## Initial Web Scraping Investigation

The real challenge is finding COVID-positive people and then following those users to see cardiovascular-related symptoms in them... Existing studies have used the term covid long-haulers and social media pages associated with that to identify people who have had it and create a timeline for those people and tie symptoms to that timeline. This project seems a bit more challenging, because we are not only interested with positive-covid patients, but we are narrowing down the pool of people to those who have reported soecific cardiovascular events following this.

In [51]:
from proxycrawl.proxycrawl_api import ProxyCrawlAPI
import pandas as pd

In [52]:
js_token = "Gzb-YK7SoijLHCDpqKMc0g"
normal_token = "H-EOaYFwXN76Wg4C6VvLrA"

In [53]:
# crawling function
def crawl(token,url,scraper,scroll=False,scroll_interval = 0):
    api = ProxyCrawlAPI({'token': token})
    if scroll:
        response = api.get(url,{
            'scraper':scraper, 'scroll':'true','scroll_interval':scroll_interval
        })
    else:
        response = api.get(url, {
            'scraper':scraper
    })
    return response

## Facebook
The hard part with facebook is getting past permissions... The best way to do this (in my opinion) is to look at specific groups of people (ideally groups like COVID support groups or long-hauler groups).
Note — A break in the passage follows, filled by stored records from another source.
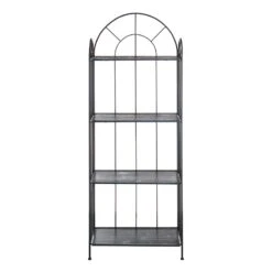 61in. Brown Decorative Arch Metal Rack With Folding Wood Top Shelves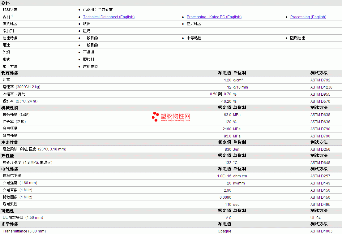 Kotex PC KFN-30T12塑料更多详情,其他塑胶原料物性POM 100P、HIPS 475、LCP E130I可来电咨询或QQ:767320520
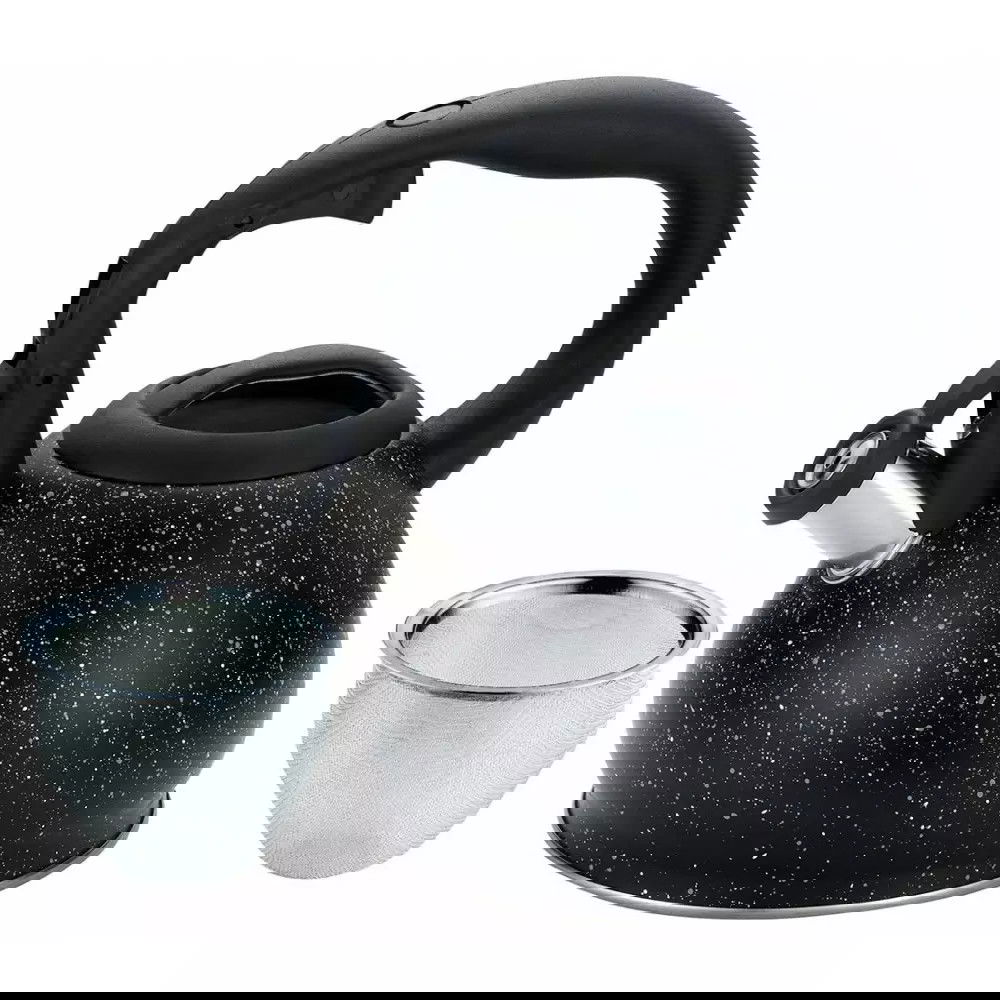 Czajnik metalowy wyróżnia się nowoczesnym designem - modny kształt oraz ozdobna powłoka marmurkowa. Dodatkowo posiada poręczny uchwyt, który nie nagrzewa się i chroni użytkowników przed poparzeniem. Precyzyjne wykonanie oraz liczne dodatki sprawiają, że czajnik to wyjątkowa i funkcjonalna ozdoba każdej kuchni!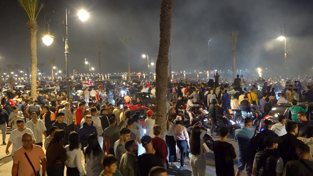 وغصت الشوارع بالمئات من الشبان والأطفال والنساء، حيث التقط البعض صورا ومقاطع فيديو للشهب الاصطناعية على طول الكورنيش، محتفين بالانتصار الكبير الذي حققه أشبال المدرب محمد وهبي، ليكتبوا صفحة جديدة في تاريخ كرة القدم المغربية.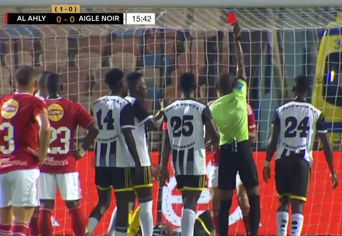 الدقيقة 14: أشهر حكم المباراة، البطاقة الحمراء لنيتس جراديشار، لاعب الأهلي، فبعد ضرب بدون كورة مع لاعب إيجل نوار.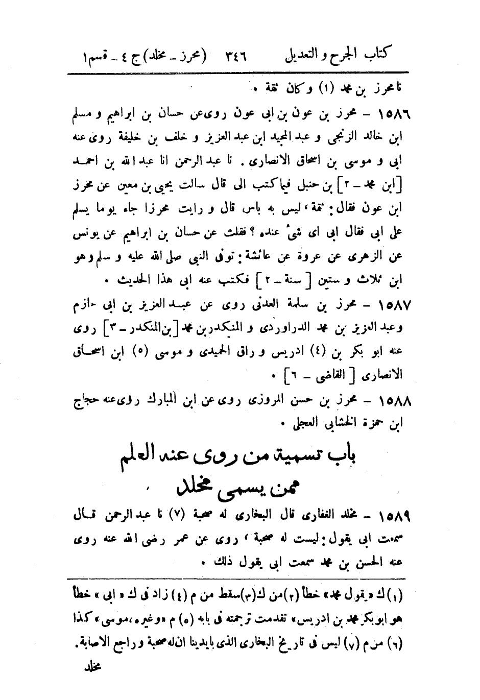 - باب تسمية من رُوي عنه العلم، مِمَّن يُسَمَّى مخلد.

FB seemed like a good option, but I can't get any useable data from the facebook group api

In [21]:
#while response['status_code'] != 200:
api = ProxyCrawlAPI({'token': js_token})
response = api.get('https://www.facebook.com/Amazon/', {
    'scraper':'facebook-page', 'scroll':'true','scroll_interval':15
})
print(response['status_code'])

520


In [95]:
response = crawl(js_token,'https://www.facebook.com/groups/373920943948661','facbook-group', True, 58)
print(response['status_code'])

400


In [90]:
response['body']

''

In [82]:
with open('facebook-generic.json','wb+') as f:
    f.write(response['body'])

## Instagram-Hashtag
Targeting specific groups/hashtags seems to be the best way of getting positive diagnosis information. Long-haulers

In [20]:
api = ProxyCrawlAPI({'token': js_token})
response = api.get('https://www.instagram.com/explore/tags/longhaulers/', {
    'scraper':'instagram-hashtag','scroll':'true','scroll_interval': 10
})
print(response['status_code'])

520


In [15]:
with open('instagram-hashtag-longhaulers3-js.json', 'wb+') as f:
    f.write(response['body'])

## Quora-serp
Initial idea here is to find users asking questions about symptoms after covid--this could possibly lend itself well to finding individuals who have contracted covid and you could include terms from the symptom list in the search queries.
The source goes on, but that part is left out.